Back in the day, meaning if you’re middle-aged (or older) your parent’s day, living with your partner before marriage was pretty rare. Nowadays, however, what’s rarer is you being part of a couple not living with your partner before tying the knot.
According to 2019 research from Pew, 59 percent of adults between 18 and 44 have experienced cohabitation with an unmarried partner at some stage in their lives, while 50 percent have entered into matrimony. In contrast, in 2002, 54 percent of adults within this age range had experienced cohabitation at some point, while 60 percent had tied the knot.
Most adults aged 18 to 44 who have engaged in cohabitation (62 percent) have shared their lives with just a single partner, while 38 percent have had the experience of living with two or more partners throughout their lives. So, depending on who you talk to, you’ll likely get differing opinions on the subject, with those individuals pointing out the good, the bad, and the ugly that can come from living with your partner before marriage. But what exactly is that?
The Benefits of Living Together Before Marriage
One of the most noteworthy benefits of living together before marriage is that you get to do a trial run of whether you and your partner, including your lifestyles, are compatible. By living together in the same house, sleeping in the same bedroom, eating in the same kitchen, and sharing the same bathroom, you’ll get a birds-eye view of what the rest of your life (till death do you part) might look like.
Does your partner snore? Do they leave dishes in the sink? Is their laundry piling up? Do they collect drinking glasses on the coffee table? Even more than that, how adept are you and they at letting each other know what quirks and habits annoy you and coming up with a workable solution so you can co-exist in peace?
Another significant benefit of living together is the opportunity to see if gender equality lives in your home, meaning are you and your partner sharing chores and other household responsibilities equitably? And again, are you and your partner open enough with each other to discuss and work toward the resolution of the conflicts you have in this area?
Living together also has its financial benefits. Couples who cohabitate can share household expenses. They can also see firsthand how well their partner handles money, including whether their partner can create a budget and stick to it. Couples can also learn a lot about their partner’s values around money.
Finally, couples who live together can see how ready their partner is for this step since it’s become a reality rather than something to aspire to. So, now that you’re in it, ask yourself: Is your partner emotionally ready for this step? Are they prepared to work through adult issues as they arise and to express vulnerability? Are you? Living under the same roof sets the stage for more intimate moments, and you want to make sure you’re both ready emotionally to deepen your relationship.

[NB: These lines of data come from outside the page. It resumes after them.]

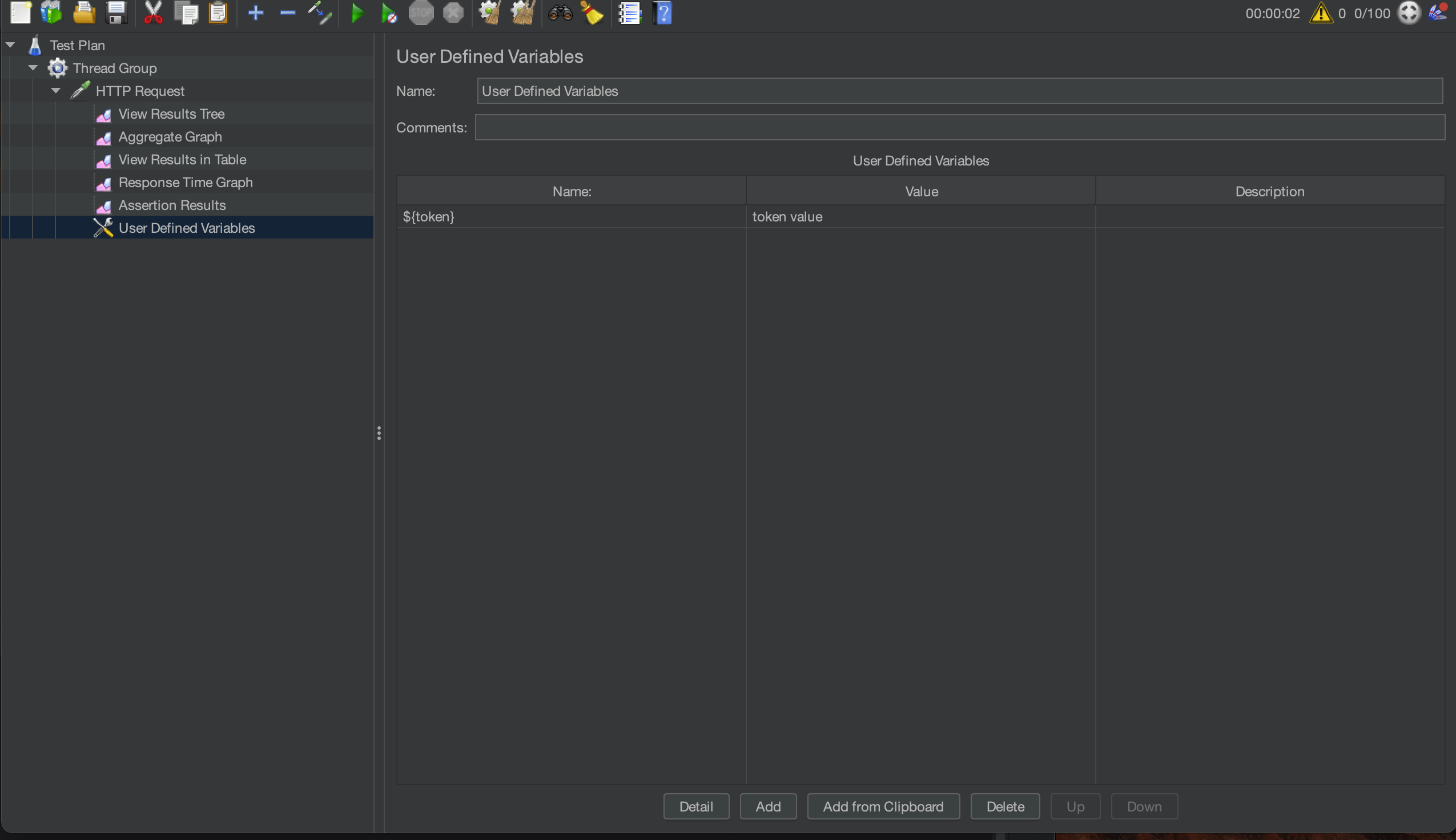 HTTP Request -> Add -> Config Element -> User Defined Variables 에서 설정이 가능하다.
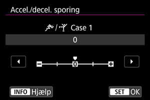 Du kan manuelt justere parametrene ((1) Sporingsfølsomhed og (2) Accelerations-/decelerationssporing) for Case 1 til Case 4.
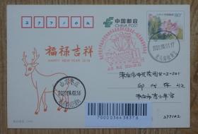实寄片 中国邮政贺年有奖明信片 邮资80 盖祝“中国2009世界集邮展览”成功举办纪念戳两枚 盖2009年邮戳

The Drawbacks of Living Together Before Marriage
Living with a partner before marriage is not without its drawbacks. Remember that old saying, “No one’s going to buy the cow if they can get the milk for free”? What it speaks to is the potential that exists for complacency; if someone is getting what they want from you (i.e., sex, intimacy, financial benefits, etc.) without having to give much to you, most importantly the level of commitment you’re looking for, they might take the relationship for granted.

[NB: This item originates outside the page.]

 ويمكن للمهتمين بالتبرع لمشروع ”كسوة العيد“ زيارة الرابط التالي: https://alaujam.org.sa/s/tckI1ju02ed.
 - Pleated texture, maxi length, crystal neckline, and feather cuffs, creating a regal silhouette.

By you or your partner getting most of the perks of marriage without being married, it could lessen the significance the institution holds. If you’re looking forward to having that fairy tale wedding you always dreamed of, living together beforehand might not be the best way to get it.
On another note, not everyone has the same values about living together before marriage. Depending on where you live and your social circles, living together before marriage could put you in the hot seat with family members, friends, and even the community in which you live. Are you and your partner prepared to face that? Such judgments could stem from cultural and religious beliefs, so if you care about what others think and say, consider your environment in your decision-making.

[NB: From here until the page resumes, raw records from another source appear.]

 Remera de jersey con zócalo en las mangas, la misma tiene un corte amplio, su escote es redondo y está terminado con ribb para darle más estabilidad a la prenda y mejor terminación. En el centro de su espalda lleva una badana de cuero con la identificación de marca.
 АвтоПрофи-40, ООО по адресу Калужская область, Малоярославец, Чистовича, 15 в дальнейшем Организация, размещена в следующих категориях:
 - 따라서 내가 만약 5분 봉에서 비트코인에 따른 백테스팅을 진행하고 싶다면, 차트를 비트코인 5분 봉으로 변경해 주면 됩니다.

Factors to Consider When Deciding Whether to Live With Your Partner Before Marriage
The choice to live with a partner before marriage is not one to make lightly. There are (or should be) many factors that you should consider before making this leap.
How will living with your partner align with your values and beliefs? To find out many people living together and contemplating marriage attend premarital counseling with clergy. There also exist secular classes devoted to premarital planning.
Another critical question to ask is whether living together would be in furtherance of your long-term relationship goals. Or do your reasons for taking this step lie elsewhere, such as to share financial responsibilities? Before taking this next step and moving in together, communicate your expectations and concerns and listen to the same from your partner.
Finally, there could be legal and financial implications for living together depending on where you reside. Therefore, speaking with an attorney and financial advisor who can advise you about your situation is crucial.
Final Thoughts …
The question of whether you should live with your partner before marriage is a personal one. Though you can seek advice from various sources, ultimately, there’s no one-size-fits-all answer.
However, after ample consideration and discussion with your partner, you can move forward feeling better that the decision you’re making is the right one for you at this time. But if it turns out that it isn’t, you and your partner can always go your separate ways, at least with the comfort of knowing that you didn’t waste a lot of money — and calories — on wedding cake.